Where the data below contains pictures, omit them; output the rest word for word.

**Source data:**
↓

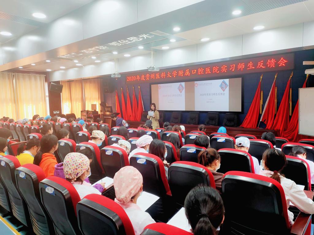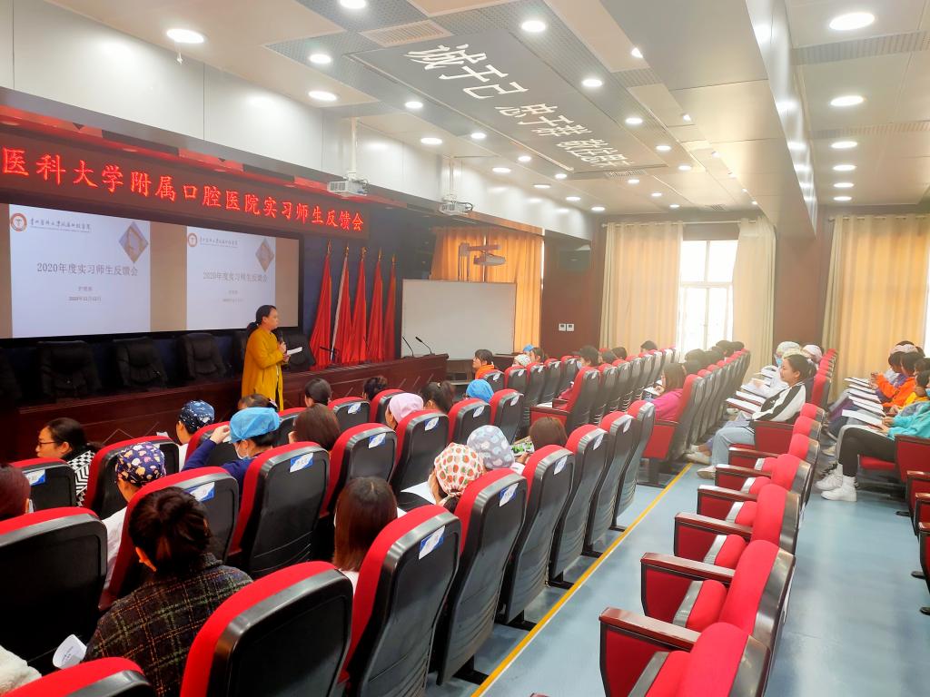 护理部在行政楼5楼学术报告厅召开2020年度实习护士师生反馈会。会议针对医院护士实习工作进行了反馈和总结,并听取了学生实习期间的意见和建议。会议由护理科副主任吴姗主持,护理科主任陈仕红、贵州护理职业技术学院肖莎、医院带教老师代表及所有实习护士参加会议。
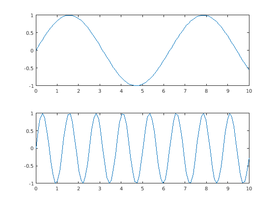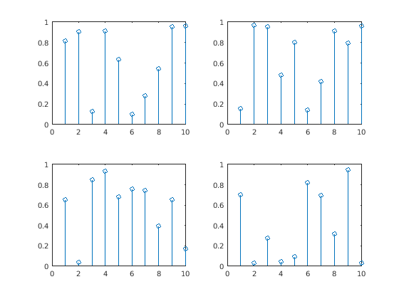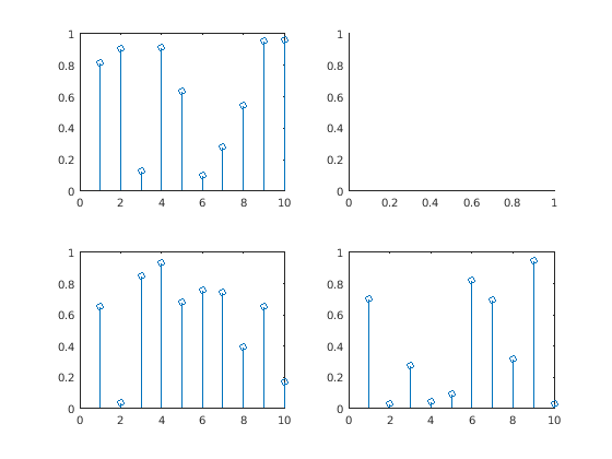 subplot( разделяет текущую фигуру на m,n,p)m-by- n сетка и создает оси в положении, заданном p. MATLAB® числа подграфиков положения по строкам. Первый подграфик является первым столбцом первой строки, второй подграфик является вторым столбцом первой строки и так далее. Если оси существуют в заданном положении, то эта команда делает оси текущей системы координат.
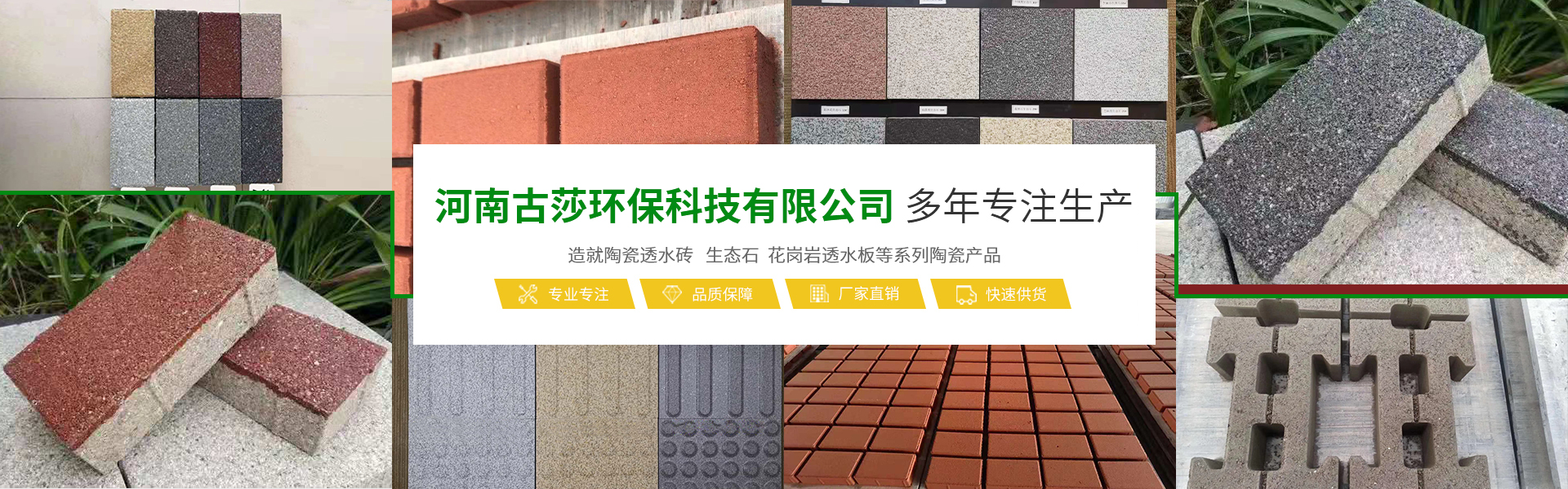 河南古莎環??萍加邢薰究傋溆诮煌屑~城市鄭州,是一家具備研發、生產、銷售能力為一體的綜合性現代化陶瓷企業。本公司專業生產經營生態陶瓷透水磚、生態鋪石、PC仿石材透水磚、PC仿石材景墻磚、普通透水磚、燒結磚等系列產品,完善的研發團隊,完善的生產流水線設備,打造完善的陶瓷企業。古莎環保科技現代化陶瓷企業是美化城市,改善生活環境質量的生態環保產品,可廣泛應用于公共建筑廣場、城市道路、公園、藝術景觀、廊道、房地產、別墅住宅小區、地鐵口、車站、高速公路服務區等。古莎環保科技在原有陶瓷企業基礎上,另拓展園林綠化、市政施工、瀝青包工包料施工、公路維修等業務板塊,專業培訓了一些園林綠化、市政施工技術人員,并有多年的施工養護經驗以及建筑工程經驗。保證市政工程施工質量以及園林綠化后期養護規范化、專業化。古莎環??萍妓裱钠髽I與品牌發展思路,是奠定在品質與產品應用之上。環保理念由我們共同倡導,理性思考,以推進步,感性溝通,以共建優越。古莎環保科技與大家真誠合作,攜手共進,為助力海綿城市建設,建筑高品質的綠色城市生活貢獻一份力量!

↑

**Task solution:**
 护理部在行政楼5楼学术报告厅召开2020年度实习护士师生反馈会。会议针对医院护士实习工作进行了反馈和总结,并听取了学生实习期间的意见和建议。会议由护理科副主任吴姗主持,护理科主任陈仕红、贵州护理职业技术学院肖莎、医院带教老师代表及所有实习护士参加会议。
 subplot( разделяет текущую фигуру на m,n,p)m-by- n сетка и создает оси в положении, заданном p. MATLAB® числа подграфиков положения по строкам. Первый подграфик является первым столбцом первой строки, второй подграфик является вторым столбцом первой строки и так далее. Если оси существуют в заданном положении, то эта команда делает оси текущей системы координат.
 河南古莎環??萍加邢薰究傋溆诮煌屑~城市鄭州,是一家具備研發、生產、銷售能力為一體的綜合性現代化陶瓷企業。本公司專業生產經營生態陶瓷透水磚、生態鋪石、PC仿石材透水磚、PC仿石材景墻磚、普通透水磚、燒結磚等系列產品,完善的研發團隊,完善的生產流水線設備,打造完善的陶瓷企業。古莎環保科技現代化陶瓷企業是美化城市,改善生活環境質量的生態環保產品,可廣泛應用于公共建筑廣場、城市道路、公園、藝術景觀、廊道、房地產、別墅住宅小區、地鐵口、車站、高速公路服務區等。古莎環保科技在原有陶瓷企業基礎上,另拓展園林綠化、市政施工、瀝青包工包料施工、公路維修等業務板塊,專業培訓了一些園林綠化、市政施工技術人員,并有多年的施工養護經驗以及建筑工程經驗。保證市政工程施工質量以及園林綠化后期養護規范化、專業化。古莎環??萍妓裱钠髽I與品牌發展思路,是奠定在品質與產品應用之上。環保理念由我們共同倡導,理性思考,以推進步,感性溝通,以共建優越。古莎環保科技與大家真誠合作,攜手共進,為助力海綿城市建設,建筑高品質的綠色城市生活貢獻一份力量!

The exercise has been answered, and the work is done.